- **Items from a dataset**

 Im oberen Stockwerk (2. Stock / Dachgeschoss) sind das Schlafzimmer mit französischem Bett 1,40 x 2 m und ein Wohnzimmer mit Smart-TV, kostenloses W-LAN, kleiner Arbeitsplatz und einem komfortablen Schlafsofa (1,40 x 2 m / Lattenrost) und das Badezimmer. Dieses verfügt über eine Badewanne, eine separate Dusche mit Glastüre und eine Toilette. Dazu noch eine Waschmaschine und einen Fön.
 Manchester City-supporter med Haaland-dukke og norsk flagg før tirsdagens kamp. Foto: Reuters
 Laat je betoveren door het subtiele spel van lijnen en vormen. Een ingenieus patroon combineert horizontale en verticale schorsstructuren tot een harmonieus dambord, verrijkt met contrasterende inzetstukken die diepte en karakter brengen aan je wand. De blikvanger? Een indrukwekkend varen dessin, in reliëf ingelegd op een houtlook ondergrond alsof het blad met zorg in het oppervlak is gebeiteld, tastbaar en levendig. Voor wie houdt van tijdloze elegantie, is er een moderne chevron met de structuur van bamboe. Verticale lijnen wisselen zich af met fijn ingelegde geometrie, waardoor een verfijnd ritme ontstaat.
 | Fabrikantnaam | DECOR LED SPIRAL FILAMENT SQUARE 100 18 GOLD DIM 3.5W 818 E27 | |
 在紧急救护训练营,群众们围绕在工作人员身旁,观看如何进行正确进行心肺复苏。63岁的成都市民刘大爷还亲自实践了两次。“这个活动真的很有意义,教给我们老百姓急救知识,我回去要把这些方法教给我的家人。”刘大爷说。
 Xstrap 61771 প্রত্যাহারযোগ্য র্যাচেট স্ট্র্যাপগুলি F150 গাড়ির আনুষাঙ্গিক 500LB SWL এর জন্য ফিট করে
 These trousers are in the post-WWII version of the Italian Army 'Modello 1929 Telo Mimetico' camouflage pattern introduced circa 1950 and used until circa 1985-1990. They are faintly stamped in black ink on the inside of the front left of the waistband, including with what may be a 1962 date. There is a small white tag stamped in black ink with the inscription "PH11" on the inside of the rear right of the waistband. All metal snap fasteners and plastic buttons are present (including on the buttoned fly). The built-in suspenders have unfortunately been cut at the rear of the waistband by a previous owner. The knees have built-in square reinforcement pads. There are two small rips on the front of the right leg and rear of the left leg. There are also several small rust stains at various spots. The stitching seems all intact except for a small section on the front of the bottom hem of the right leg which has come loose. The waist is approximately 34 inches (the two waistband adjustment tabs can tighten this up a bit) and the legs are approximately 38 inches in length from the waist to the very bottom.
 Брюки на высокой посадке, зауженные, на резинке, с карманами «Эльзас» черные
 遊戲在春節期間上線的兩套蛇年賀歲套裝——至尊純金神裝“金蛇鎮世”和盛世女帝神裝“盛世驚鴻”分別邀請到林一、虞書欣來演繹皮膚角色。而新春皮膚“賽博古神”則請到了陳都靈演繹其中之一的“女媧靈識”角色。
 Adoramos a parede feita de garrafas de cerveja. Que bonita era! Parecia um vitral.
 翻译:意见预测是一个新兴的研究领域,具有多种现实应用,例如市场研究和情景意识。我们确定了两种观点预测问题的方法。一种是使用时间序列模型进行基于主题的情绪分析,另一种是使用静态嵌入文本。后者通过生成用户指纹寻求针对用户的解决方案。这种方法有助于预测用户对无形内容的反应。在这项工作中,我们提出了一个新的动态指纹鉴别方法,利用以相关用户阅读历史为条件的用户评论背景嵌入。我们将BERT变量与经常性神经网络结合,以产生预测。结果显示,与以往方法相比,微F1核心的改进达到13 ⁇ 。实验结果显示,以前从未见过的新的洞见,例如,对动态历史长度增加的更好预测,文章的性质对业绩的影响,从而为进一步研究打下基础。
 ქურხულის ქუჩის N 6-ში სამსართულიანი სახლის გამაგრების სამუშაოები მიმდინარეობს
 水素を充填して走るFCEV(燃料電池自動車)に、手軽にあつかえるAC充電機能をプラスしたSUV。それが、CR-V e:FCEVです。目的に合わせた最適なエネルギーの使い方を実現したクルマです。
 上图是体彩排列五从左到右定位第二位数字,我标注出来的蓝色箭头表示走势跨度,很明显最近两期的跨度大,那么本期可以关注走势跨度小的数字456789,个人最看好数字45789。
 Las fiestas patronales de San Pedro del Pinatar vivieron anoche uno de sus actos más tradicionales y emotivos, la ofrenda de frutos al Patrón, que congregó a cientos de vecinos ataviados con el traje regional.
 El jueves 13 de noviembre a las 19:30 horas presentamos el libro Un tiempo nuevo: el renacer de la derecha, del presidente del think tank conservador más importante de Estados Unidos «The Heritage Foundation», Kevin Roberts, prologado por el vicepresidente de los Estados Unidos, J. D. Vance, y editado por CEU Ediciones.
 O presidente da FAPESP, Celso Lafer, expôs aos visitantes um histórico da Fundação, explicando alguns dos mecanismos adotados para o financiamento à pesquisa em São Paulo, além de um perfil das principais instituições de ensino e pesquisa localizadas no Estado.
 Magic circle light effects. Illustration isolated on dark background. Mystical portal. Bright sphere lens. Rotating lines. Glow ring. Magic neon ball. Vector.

- **Try it**
Bring together all lines in the records where the word "presidente" is found.

- **Completed exercise**
 El jueves 13 de noviembre a las 19:30 horas presentamos el libro Un tiempo nuevo: el renacer de la derecha, del presidente del think tank conservador más importante de Estados Unidos «The Heritage Foundation», Kevin Roberts, prologado por el vicepresidente de los Estados Unidos, J. D. Vance, y editado por CEU Ediciones.
 O presidente da FAPESP, Celso Lafer, expôs aos visitantes um histórico da Fundação, explicando alguns dos mecanismos adotados para o financiamento à pesquisa em São Paulo, além de um perfil das principais instituições de ensino e pesquisa localizadas no Estado.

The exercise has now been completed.